This gets tricky now (if I understand correctly), consider the sequence (please note the following is keeping in mind the current way of appending source_tag to end)
1. A = load 'input' using PigStorage('\t', '-tagsource');
2. B = FOREACH A GENERATE (int)$0 as col1, (long)$1 as col2, (chararray)$2 as source_tag;
3. C = GROUP B BY source_tag;
n. STORE N INTO 'intermediate' using PigStorage('\t', '-schema');
Now, the user wants to read 'intermediate' using schema, and also know the (new) source path(s).
--Mentioning -schema is not required here, included just for clarity.
A = load 'intermediate' using PigStorage('\t', '-schema -tagsource');
There would be a conflict in auto-loading 'source_tag' in the above case. I think de-coupling 'schema' from 'tagsource' would be a nice alternative, as the input path is not part of "real data". It is a derived field which could be treated differently from actual data contained within input files. So the user always expects the right schema for first n-1 columns, with nth column being the source_tag for which schema does not really need to be auto-loaded? Similar to how it would work if one had extended PigStorage to implement source tagging.

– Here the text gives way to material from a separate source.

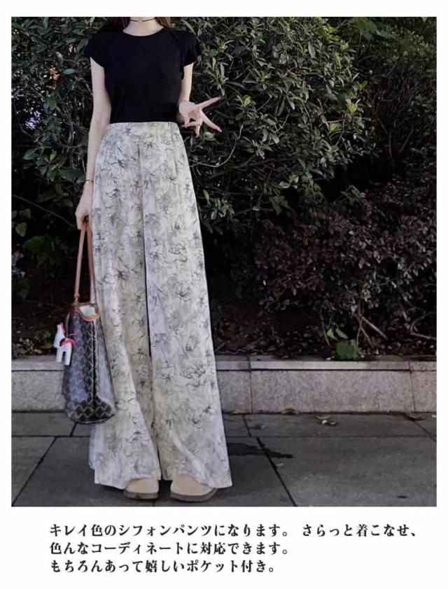 | ?柔らかシフォンのワイドパンツになります。 ?ウエストゴム仕様で安心感のある履き心地。サラっとした着心地で動きやすく、旅行・リモートワークなどの長時間の着用や、おうちでのリラックスコーデにもおすすめです。 ?柔らかい生地感とエアリーに揺れるす裾が、歩くたびに女性らしさを演出。セルフカットでき、自分に合わせたお好みの丈で着用して頂けます。 ?風にたなびく優雅なシルエットは街中でもリゾート感満載でステキな大人のデザインです ?キレイ色のシフォンパンツになります。 さらっと着こなせ、色んなコーディネートに対応できます。もちろんあって嬉しいポケット付き。 このゆったりシルエット、一目惚れ級の可愛さ! スタイルアップ効果を演出する腰位置高めのウエスト デイリーの着回しに活躍 | |

I completely agree with you on the pain of appending source_tag to the end, its less predictable than at the start. However, things would get complicated in terms of maintainence when users want to switch between using and not using source tagging. It would be great to minimize reference repositioning changes for production jobs (error-prone, might result in large number of script changes if fields are not referenced via an alias).
Lastly, I am leaning towards the 'append' approach but fine with either one. We just need to make sure this is an easy to use/adopt feature.